**EXERCISE DETAILS**.
Print out the data precisely as it appears here, with no pictures.

### RECORDS PROVIDED ###

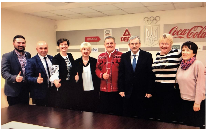
Засідання комісії НОК України «Закордонне українство». Київ, офіс НОК України, 28.11.2019 р.
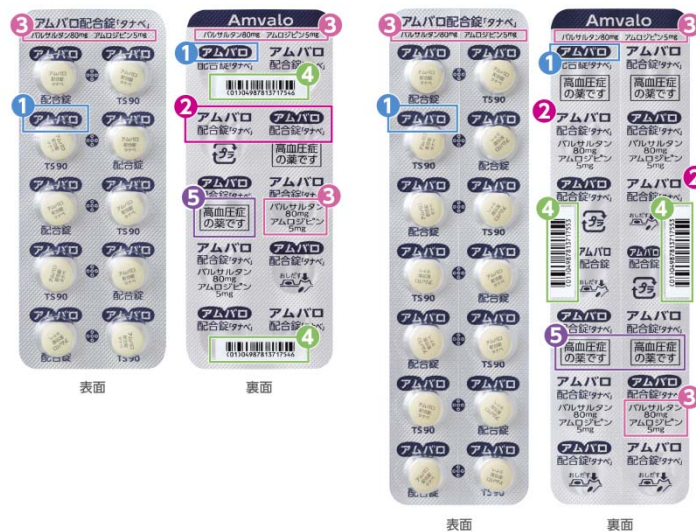
14錠 PTP シート
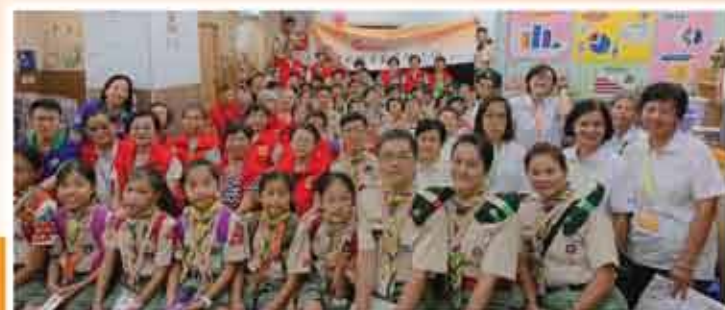
↑ 耆色團人進社區關愛計劃中秋敬老獻愛心活動2019義工探訪日
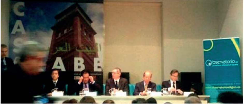
Acte d'ouverture du Congrès
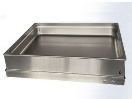
SUPPORT BAC GN2/1
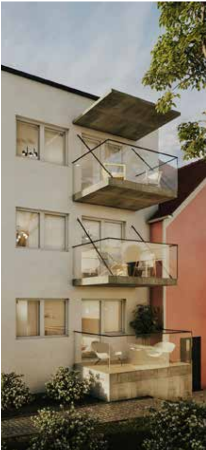
8010 Graz, Plüddemanngasse 15

wohninvest hat über 60 Immobilienprojekte österreichweit erfolgreich abgewickelt. Mehr als 600 Investoren profitieren bereits von der Wertschöpfung ihrer Projekte.

###

**ANSWER TO THIS TASK**.
Засідання комісії НОК України «Закордонне українство». Київ, офіс НОК України, 28.11.2019 р.
14錠 PTP シート
↑ 耆色團人進社區關愛計劃中秋敬老獻愛心活動2019義工探訪日
Acte d'ouverture du Congrès
SUPPORT BAC GN2/1
8010 Graz, Plüddemanngasse 15

wohninvest hat über 60 Immobilienprojekte österreichweit erfolgreich abgewickelt. Mehr als 600 Investoren profitieren bereits von der Wertschöpfung ihrer Projekte.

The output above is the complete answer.